┌──

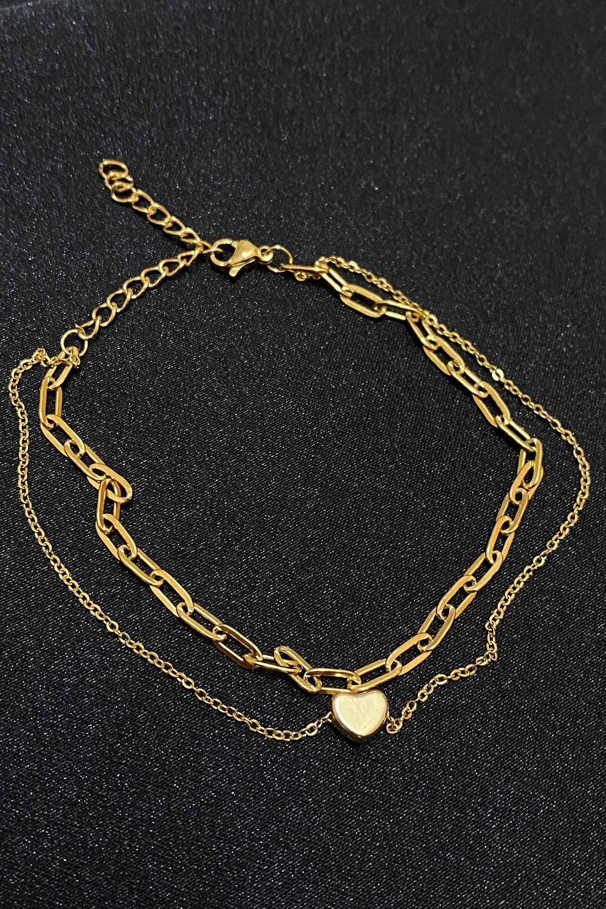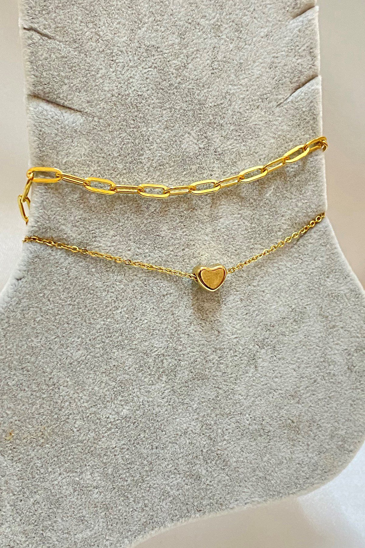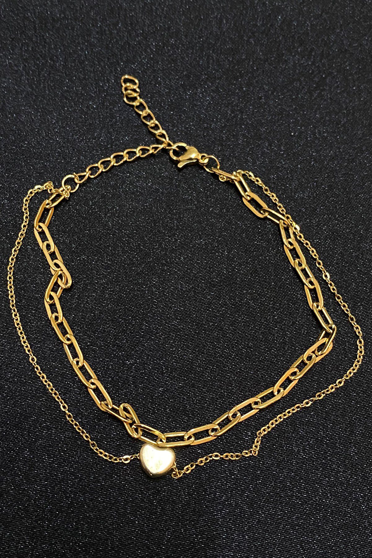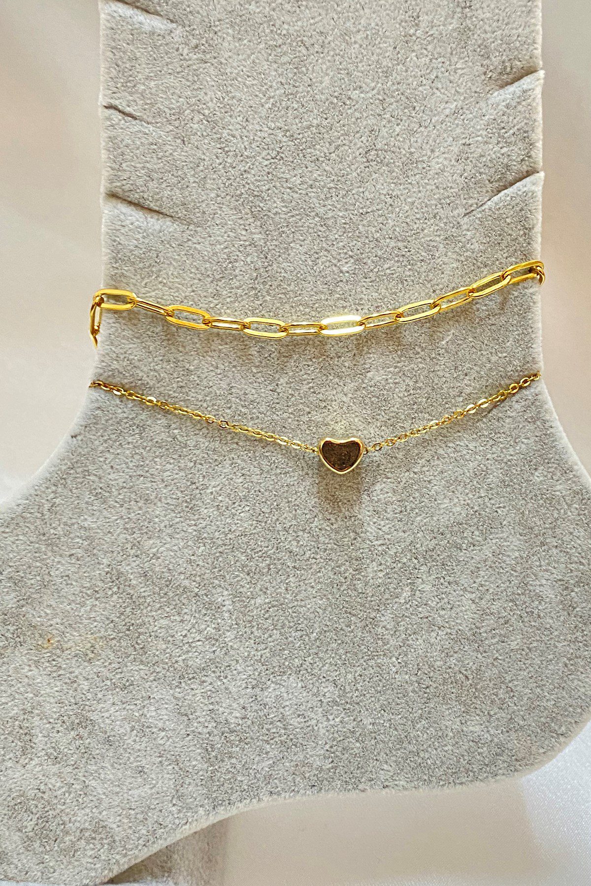 Toptan Altın Renk Kalp Model Ezme Ve Sf Zincir Çelik Halhal – 3300
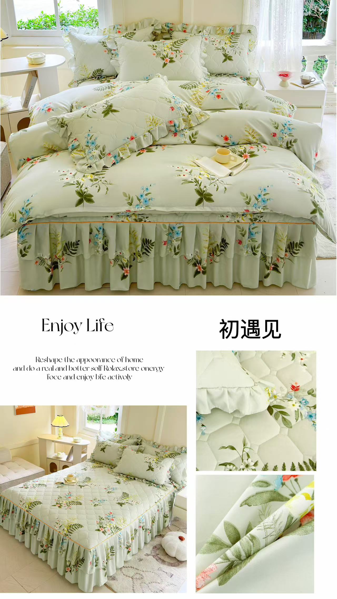 (总)雨田 2021新款韩版双边夹棉床裙四件套,春之絮,极简生活,情深似海,小香风,星光飘絮,玉兰
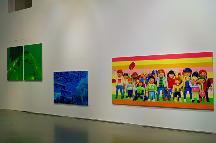 Àü½ÃµÇ¾î ÀÖ´Â ÀÛǰµéµµ ÀÌ·± ÁöÇâÁ¡À» °³³äÈÇÑ °ÍÀ̳ª, üÇèÇÒ ¼ö ÀÖ´Â °ÍµéÀÌ´Ù. ¹ÚÈ¿µ ÀÛ°¡ÀÇ <Å©¶ö¸¯ ÆúÄ«>´Â ¸ÅÀÏ Á¤¿À¸¶´Ù ½Ã¹ÎµéÀÌ ½Ãû ¾Õ ±¤Àå¿¡¼ ÆúÄ«¸¦ Ãß¾î¾ß¸¸ ÇÏ´Â °¡»óÀÇ µµ½Ã 'Å©¶ö¸¯'ÀÇ À̾߱â·Î Çѱ¹»çȸ¸¦ dzÀÚÇÑ ¼³Ä¡ ÀÛǰÀÌ´Ù. ÆúÄ« À½¾ÇÀÌ ¿ï·Á ÆÛÁö´Â °¡¿îµ¥ º®¸é¿¡´Â ³²»êŸ¿ö »çÁøÀÌ ¿µ»çµÇ°í 'Å䳢Ǯ' ¸ð¾çÀÇ ¿ÀºêÁ¦µéÀÌ ÃãÀ» Ãá´Ù. ÀÌ ¿ÀºêÁ¦µéÀº °ü°´ÀÇ ¹Ú¼ö ¼Ò¸®¿¡µµ ¿òÂñ¿òÂñ ¹ÝÀÀÇÔÀ¸·Î½á ¿ì¸® ÀڽŰú ÀÌ µµ½ÃÀÇ ¿¬°ü±îÁö »ó±â½ÃŲ´Ù.
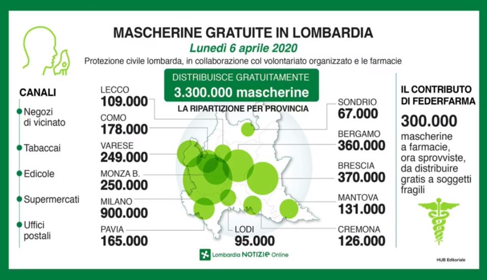 Buoni dati dal bollettino regionale lombardo del 5 aprile. A fronte di 8107 tamponi analizzati, sono 1337 i nuovi positivi, in calo rispetto agli ultimi giorni. Calano i decessi (249 nelle ultime 24 ore), calano i ricoveri nelle terapie intensive (-9). Contenuti anche i dati bergamaschi (+124 in provincia, +20 in città). Da lunedì Regione Lombardia distribuirà presso farmacie, supermercati, edicole, tabaccai e banche 3 milioni e 300mila mascherine in maniera gratuita (nella foto in basso tutti i dettagli).
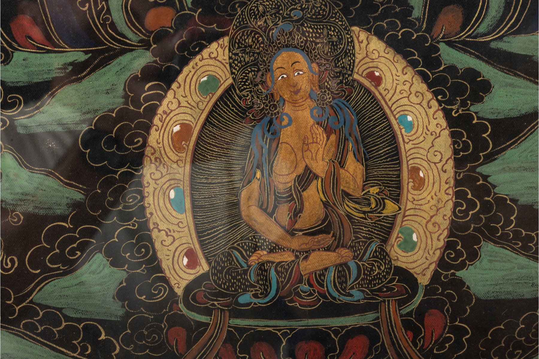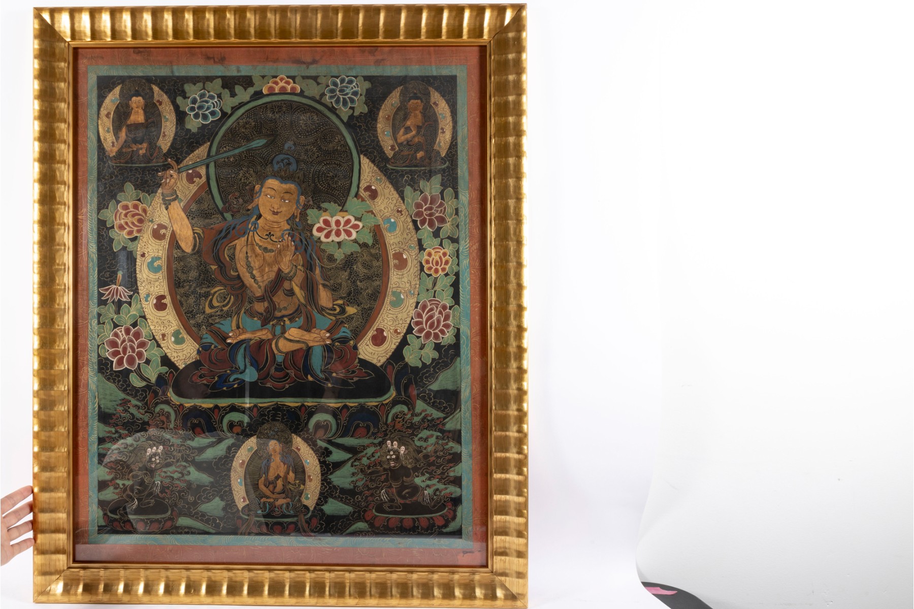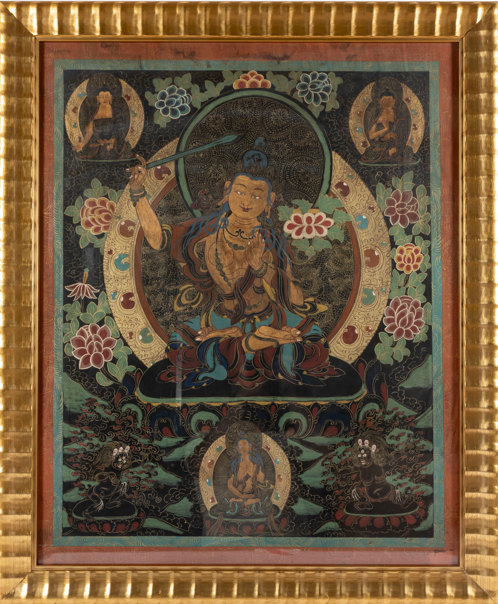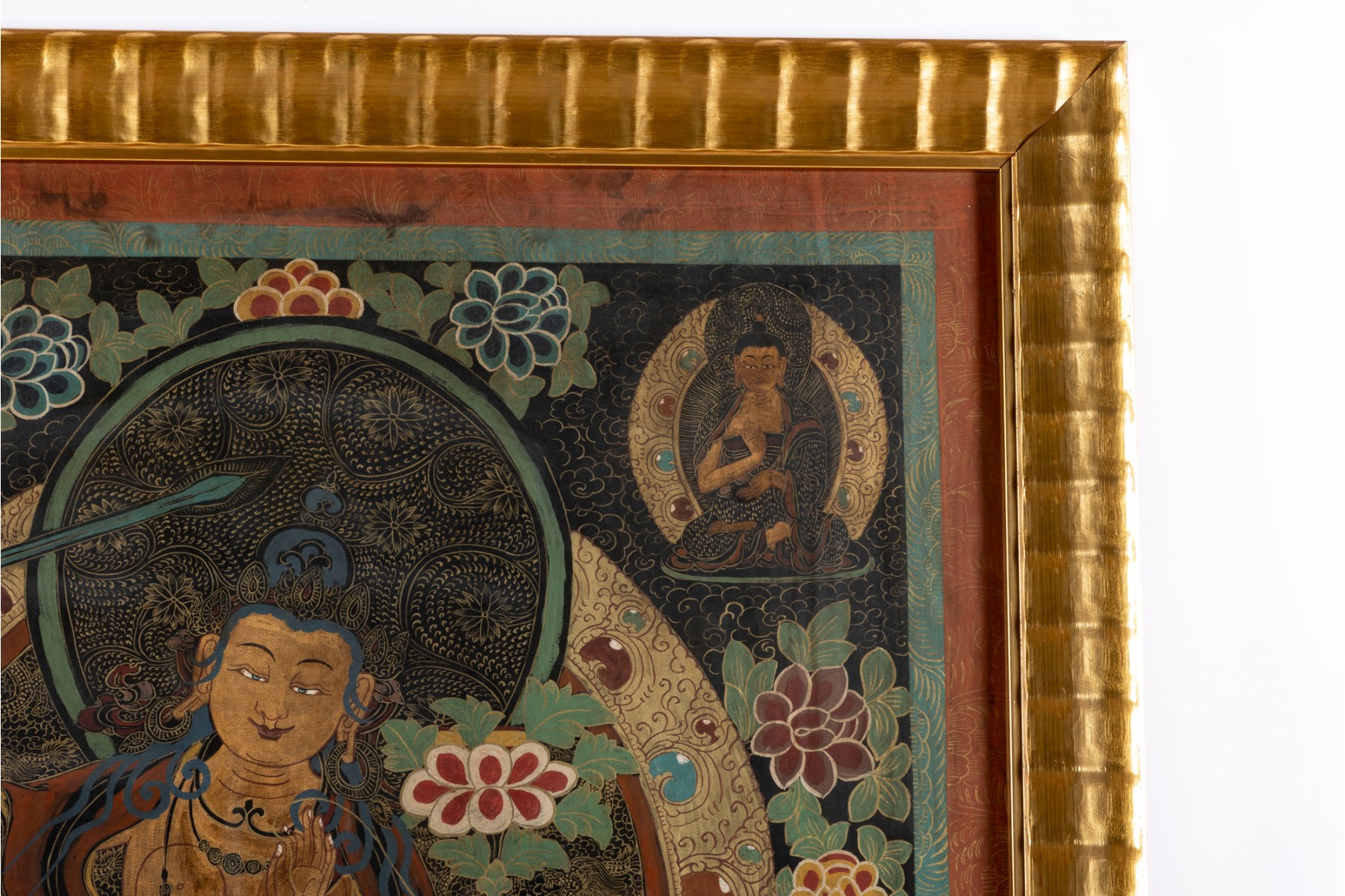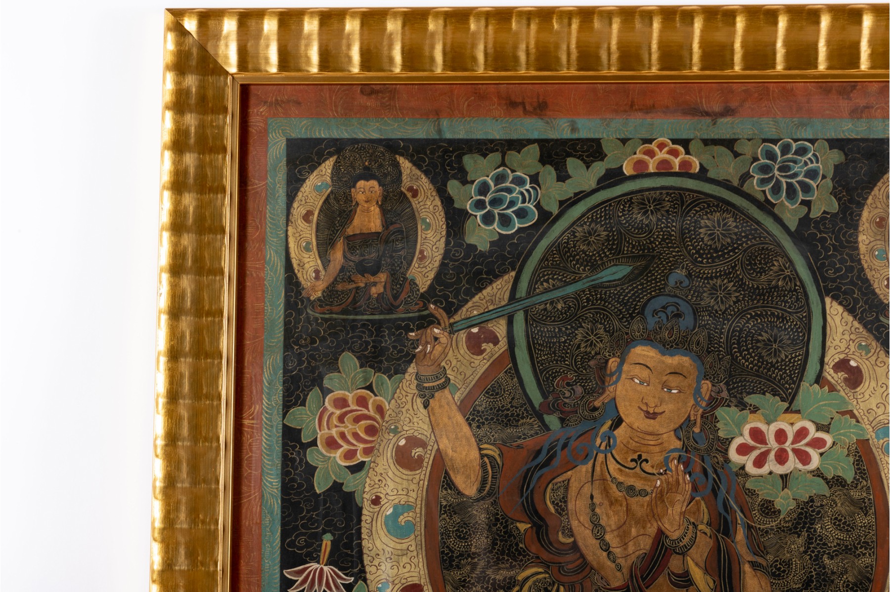 A lovely hand-painted Tibetan Thangka depicting Manjusri, the Buddhist Bodhisattva of Wisdom. Manjusri in Sanskrit means, "He who is noble and gentle" and is showcased holding his Vajra sword in his left hand to fight the entanglements of conceptual views, representing duality. Surrounded by various deities, every inch of this intricate Thangka painting features florals and patterns outlined in gold-tone fabric ink.

└──

*What to produce:* Treating the line with "Àü½ÃµÇ¾î ÀÖ´Â ÀÛǰµéµµ" as the last line to include, retype the records exactly from their first line, excluding pictures.

*Response to the task:*
 Toptan Altın Renk Kalp Model Ezme Ve Sf Zincir Çelik Halhal – 3300
 (总)雨田 2021新款韩版双边夹棉床裙四件套,春之絮,极简生活,情深似海,小香风,星光飘絮,玉兰
 Àü½ÃµÇ¾î ÀÖ´Â ÀÛǰµéµµ ÀÌ·± ÁöÇâÁ¡À» °³³äÈÇÑ °ÍÀ̳ª, üÇèÇÒ ¼ö ÀÖ´Â °ÍµéÀÌ´Ù. ¹ÚÈ¿µ ÀÛ°¡ÀÇ <Å©¶ö¸¯ ÆúÄ«>´Â ¸ÅÀÏ Á¤¿À¸¶´Ù ½Ã¹ÎµéÀÌ ½Ãû ¾Õ ±¤Àå¿¡¼ ÆúÄ«¸¦ Ãß¾î¾ß¸¸ ÇÏ´Â °¡»óÀÇ µµ½Ã 'Å©¶ö¸¯'ÀÇ À̾߱â·Î Çѱ¹»çȸ¸¦ dzÀÚÇÑ ¼³Ä¡ ÀÛǰÀÌ´Ù. ÆúÄ« À½¾ÇÀÌ ¿ï·Á ÆÛÁö´Â °¡¿îµ¥ º®¸é¿¡´Â ³²»êŸ¿ö »çÁøÀÌ ¿µ»çµÇ°í 'Å䳢Ǯ' ¸ð¾çÀÇ ¿ÀºêÁ¦µéÀÌ ÃãÀ» Ãá´Ù. ÀÌ ¿ÀºêÁ¦µéÀº °ü°´ÀÇ ¹Ú¼ö ¼Ò¸®¿¡µµ ¿òÂñ¿òÂñ ¹ÝÀÀÇÔÀ¸·Î½á ¿ì¸® ÀڽŰú ÀÌ µµ½ÃÀÇ ¿¬°ü±îÁö »ó±â½ÃŲ´Ù.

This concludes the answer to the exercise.